Leonardo e Bruno, não, não são um duo de música sertaneja embora, talvez num futuro próximo esse género musical possa ter um espaço na música que fazem. São irmãos, na vida como na música, e dão corpo ao projecto Octa Push. Língua é o seu último álbum, disco onde procuram fazer a ponte, em jeito de celebração, com os PALOP onde, como não poderia deixar de ser, Zeca Afonso tem um papel importante. Das tentativas frustradas de Baluba a um Oito que lhes deu o “calo” suficiente para empreenderem Língua, os Octa Push levam-nos pelo caminho que da ideia conduziu à luz efectiva com que marcam o ano de 2016 no panorama musical português.

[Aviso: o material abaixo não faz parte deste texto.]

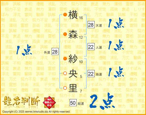 横(16画)森(12画) 紗(10画)央(5画)里(7画)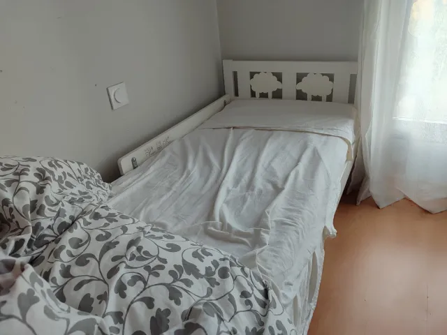 Cama infantil de IKEA modelo KRITTER. Ideal para habitaciones de niños. - Estructura de madera blanca. - Diseño con cabecero decorado. - Incluye colchon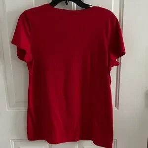 Celebrate the season with this festive red short sleeve tee featuring a charming Christmas tree design. Perfect for casual holiday gatherings.

Não pretendem contruir manifestos contra a xenofobia mas “atiram a matar” quando o assunto é Trump; não são os Buraka porque são diferentes e respeitam a diferença; ainda não são Futuro porque há um álbum para levar a passear pelas estradas deste mundo mas há um Futuro à sua espera em cada lomba de estrada ultrapassada. Eles vão andar por aí mas, antes, estão por aqui.
Primeira pergunta, a pergunta que se impõe: os Octa Push não são apenas uma desculpa criativa para poderem andar “à porrada” sem parecerem muito infantis, isto é: podem invocar divergências criativas para as desavenças...

Bruno: Acaba por ser mais o oposto, isto é, as desavenças acabam por invocar divergências criativas. Às vezes temos discussões normais de irmãos e isso acaba por influenciar negativamente o processo criativo, as discussões familiares já mataram algumas boas ideias, tal como a ultima fatia de bolo de chocolate que um acabou por comer do outro.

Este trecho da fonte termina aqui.